» **Goal of the exercise**
Starting at the line below that contains "另外,从个人全生命周期的收入" and ending at the line that contains "かぶは短冊切りにして、ざく切りの葉っぱと一緒に、塩ダレであえた。", retype each line exactly as it stands, but omit the pictures.

··· Records for processing ···

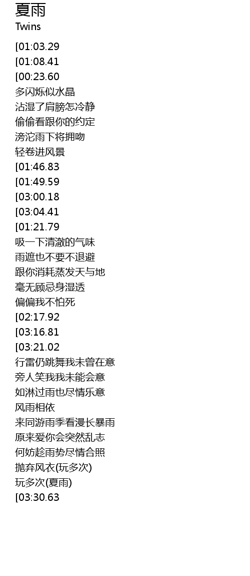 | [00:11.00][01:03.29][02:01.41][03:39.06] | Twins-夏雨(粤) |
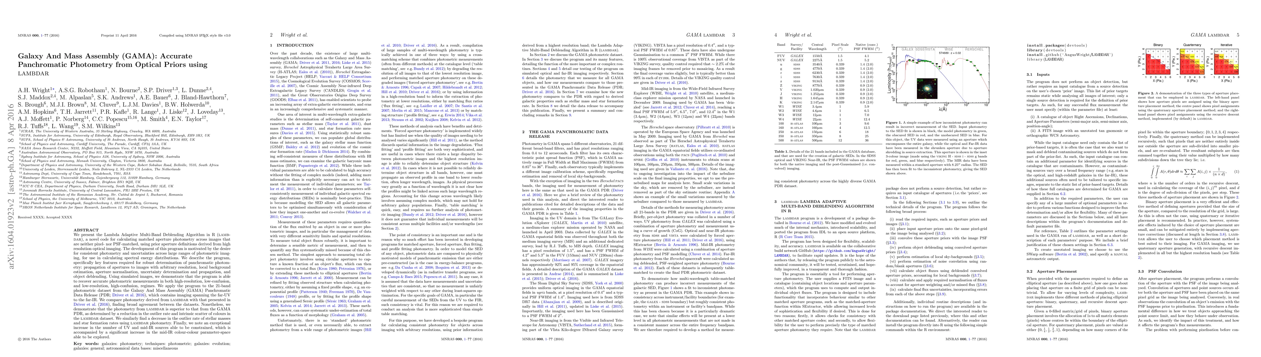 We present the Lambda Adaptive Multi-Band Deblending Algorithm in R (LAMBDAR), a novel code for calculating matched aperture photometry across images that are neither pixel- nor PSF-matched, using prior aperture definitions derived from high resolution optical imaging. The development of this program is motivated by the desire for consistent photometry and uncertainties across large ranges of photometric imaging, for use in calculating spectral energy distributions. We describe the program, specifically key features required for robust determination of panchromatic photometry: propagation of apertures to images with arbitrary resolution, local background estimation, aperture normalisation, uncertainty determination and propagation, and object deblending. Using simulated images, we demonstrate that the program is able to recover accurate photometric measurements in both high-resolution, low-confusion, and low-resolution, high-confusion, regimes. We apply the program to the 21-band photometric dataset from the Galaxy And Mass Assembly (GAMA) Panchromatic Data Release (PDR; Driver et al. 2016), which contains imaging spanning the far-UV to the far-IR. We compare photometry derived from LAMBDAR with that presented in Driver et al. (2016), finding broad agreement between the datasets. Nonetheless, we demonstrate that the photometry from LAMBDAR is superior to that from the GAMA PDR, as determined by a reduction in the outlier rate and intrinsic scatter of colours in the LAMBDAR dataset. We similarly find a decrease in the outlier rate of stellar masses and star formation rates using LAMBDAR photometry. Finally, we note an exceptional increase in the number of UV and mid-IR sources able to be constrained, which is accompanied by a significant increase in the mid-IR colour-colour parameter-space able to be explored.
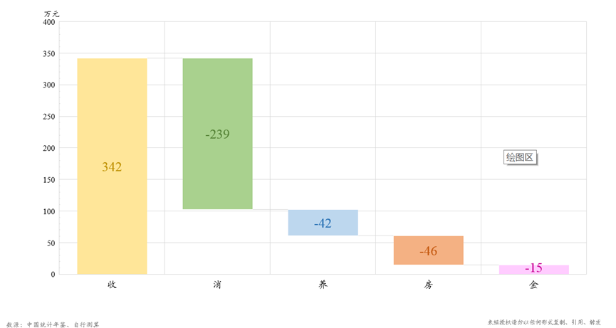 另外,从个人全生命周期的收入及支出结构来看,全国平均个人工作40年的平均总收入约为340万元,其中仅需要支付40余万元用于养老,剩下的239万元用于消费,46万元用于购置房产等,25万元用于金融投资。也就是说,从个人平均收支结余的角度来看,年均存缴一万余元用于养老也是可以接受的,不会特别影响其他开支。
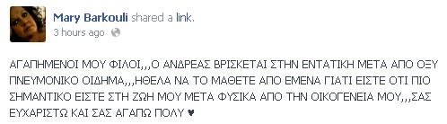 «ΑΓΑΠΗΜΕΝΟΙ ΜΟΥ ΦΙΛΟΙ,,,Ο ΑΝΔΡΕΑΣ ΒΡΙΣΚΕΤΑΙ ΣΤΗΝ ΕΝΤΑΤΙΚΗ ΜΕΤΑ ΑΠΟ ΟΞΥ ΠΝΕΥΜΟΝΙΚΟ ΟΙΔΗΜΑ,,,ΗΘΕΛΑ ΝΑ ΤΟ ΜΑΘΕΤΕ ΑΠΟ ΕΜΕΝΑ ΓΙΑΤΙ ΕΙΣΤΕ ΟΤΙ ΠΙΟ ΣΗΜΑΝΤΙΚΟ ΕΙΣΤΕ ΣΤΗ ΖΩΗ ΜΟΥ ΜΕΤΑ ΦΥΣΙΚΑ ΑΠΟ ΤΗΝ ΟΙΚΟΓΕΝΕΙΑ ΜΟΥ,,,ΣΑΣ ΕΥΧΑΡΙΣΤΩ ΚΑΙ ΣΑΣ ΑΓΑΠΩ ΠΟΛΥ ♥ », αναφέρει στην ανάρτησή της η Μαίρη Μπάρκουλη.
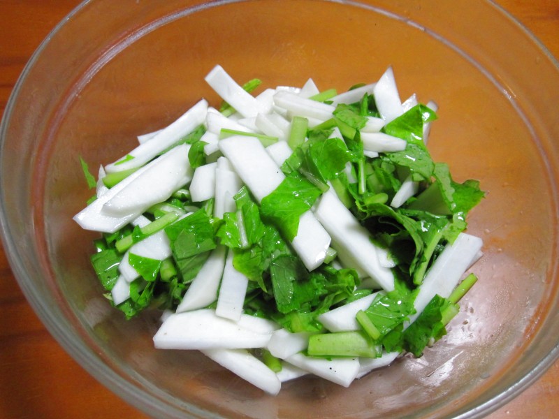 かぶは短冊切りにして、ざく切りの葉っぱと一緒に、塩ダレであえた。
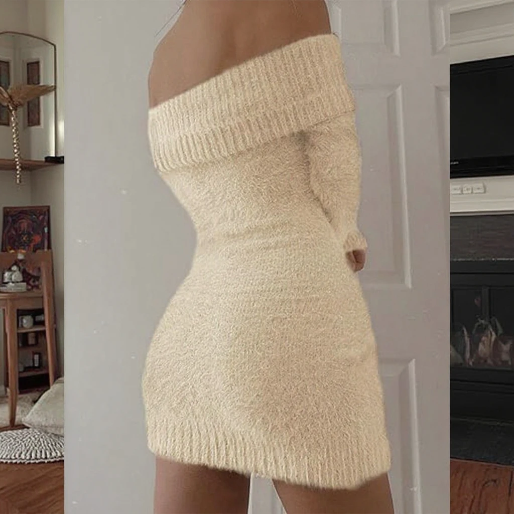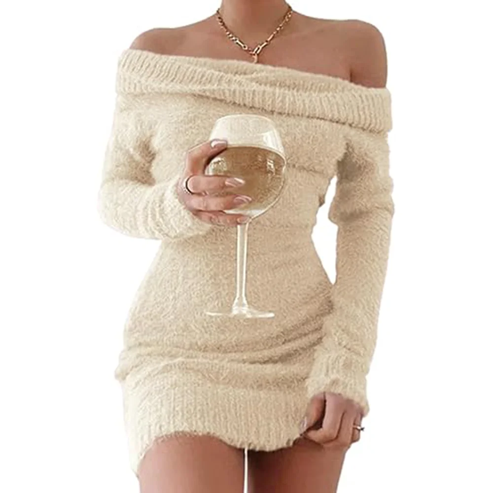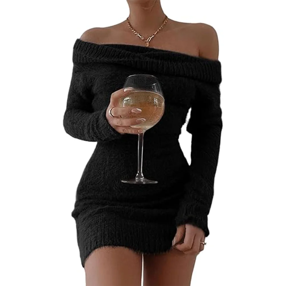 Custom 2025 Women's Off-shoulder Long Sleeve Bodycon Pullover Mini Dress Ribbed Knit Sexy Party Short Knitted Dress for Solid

···

» **Result of the task**
 另外,从个人全生命周期的收入及支出结构来看,全国平均个人工作40年的平均总收入约为340万元,其中仅需要支付40余万元用于养老,剩下的239万元用于消费,46万元用于购置房产等,25万元用于金融投资。也就是说,从个人平均收支结余的角度来看,年均存缴一万余元用于养老也是可以接受的,不会特别影响其他开支。
 «ΑΓΑΠΗΜΕΝΟΙ ΜΟΥ ΦΙΛΟΙ,,,Ο ΑΝΔΡΕΑΣ ΒΡΙΣΚΕΤΑΙ ΣΤΗΝ ΕΝΤΑΤΙΚΗ ΜΕΤΑ ΑΠΟ ΟΞΥ ΠΝΕΥΜΟΝΙΚΟ ΟΙΔΗΜΑ,,,ΗΘΕΛΑ ΝΑ ΤΟ ΜΑΘΕΤΕ ΑΠΟ ΕΜΕΝΑ ΓΙΑΤΙ ΕΙΣΤΕ ΟΤΙ ΠΙΟ ΣΗΜΑΝΤΙΚΟ ΕΙΣΤΕ ΣΤΗ ΖΩΗ ΜΟΥ ΜΕΤΑ ΦΥΣΙΚΑ ΑΠΟ ΤΗΝ ΟΙΚΟΓΕΝΕΙΑ ΜΟΥ,,,ΣΑΣ ΕΥΧΑΡΙΣΤΩ ΚΑΙ ΣΑΣ ΑΓΑΠΩ ΠΟΛΥ ♥ », αναφέρει στην ανάρτησή της η Μαίρη Μπάρκουλη.
 かぶは短冊切りにして、ざく切りの葉っぱと一緒に、塩ダレであえた。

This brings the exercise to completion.